Thirteen Lives recreates the global effort to aid in the 2018 rescue of a boys’ soccer team trapped in the flooded Tham Luang cave in Thailand. Working from a screenplay by William Nicholson, Howard’s film attacks the 18-day ordeal from a wide range of perspectives from the team themselves to their parents and Thai government officials to an international group of rescue divers.
The scale of the effort is demonstrably clear throughout as the cast of characters plus extras must be in the hundreds. Despite this fact, Howard consistently keeps audiences oriented and in the moment so that it never feels overwhelming and the film’s 147-minute running time gives the director enough space to flesh out characters in multiple arenas.
The drawback, however, is that in keeping things so wide open, it’s far easier to viewers to disengage from the story without a consistent character to identify with and endear to.
There aren’t many recognizable stars throughout the first third of Thirteen Lives, and while the story clips along at a decent rate, it isn’t until Colin Farrell and Viggo Mortensen appear as British rescue divers volunteering to aid in the search that any real appreciable character work happens.
Most of the problem is in the screenplay, where individualism is kept to a minimum to maintain a broad scope and the only memorable Thai characters are the boy who asks to go into the cave before his birthday celebration and the governor forced to stay on and take the fall if disaster strikes.
Even the international dive team, played by famous character actors like Farrell and Joel Edgerton and an Oscar nominee in Mortensen, don’t really have a compelling story arc and any nuance to their personalities takes a backseat to moving the story forward.
The rescue itself takes the largest chunk of Thirteen Lives and the cinematography orients audiences well in the visual geography of the cave as divers make their way to the boys. This is further aided by graphics along the way that track the team’s progress into the cave although it becomes somewhat unnecessary in the final stage of the film after the same graphic has appeared many times.
Audiences will definitely get a claustrophobic feeling at times thanks to the exceptional underwater cinematography from Sayombhu Mukdeeprom and the fantastic sound design that fully captures the horrifying audible terror of endless rushing water and the sinking feeling of drowning potential at any moment.
In fact, if there’s any Oscar potential at all for Thirteen Lives, it’s likely to come in the sound category where the mastery of the technical element truly enhances the narrative as well as the audience experience.

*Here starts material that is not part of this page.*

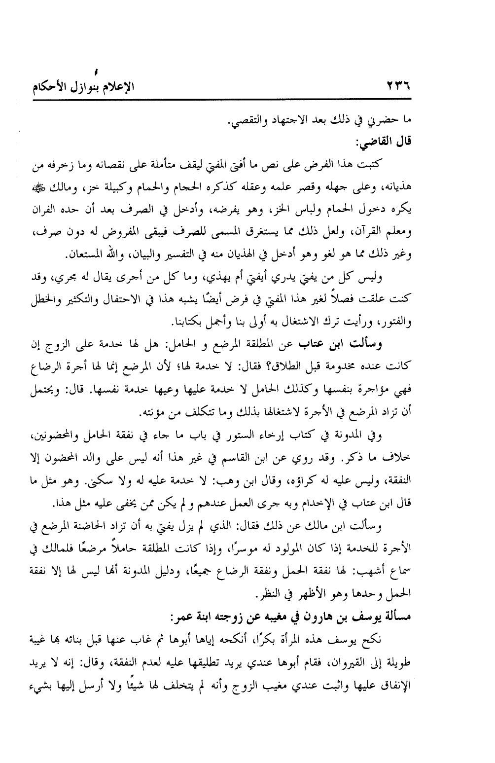 كتبت هذا الفرض على نص ما أفتى المفتي ليقف متأملة على نقصائه وما زخرفه من هذيانه، وعلى جهله وقصر علمه وعقله كذكره الحجام والحمام وكبيلة خز، ومالك رضي الله عنه يكره دخول الحمام ولباس الخز، وهو يفرضه، وأدخل في الصرف بعد أن حده الفران ومعلم القرآن، ولعل ذلك مما يستغرق المسمى للصرف فيبقى المفروض له دون صرف، وغير ذلك مما هو لغو وهو أدخل في الهذيان منه في التفسير والبيان، والله المستعان.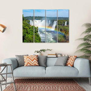 This vibrant piece captures the breathtaking Iguazu Falls, showcasing a dynamic flow of water accented by a stunning rainbow. The lush greenery and mist create a natural wonder that brings a powerful, awe-inspiring vibe to any space.

While Thirteen Lives enjoyed a limited release in theaters, it’s much better suited for its home watching experience on Amazon Prime, where it dropped last Friday. It’s a prime candidate for more episodic viewing in 20-30 minute chunks rather than all at once, where the scope feels a bit laboring.
Those who are particularly interested in the story will likely find last year’s exceptional documentary The Rescue from Oscar-winning directors Elizabeth Chai Vasarhelyi and Jimmy Chin to be far more compelling cinematically and from a narrative perspective, though Thirteen Lives is a well composed feature docudrama that will help supplement the larger experience.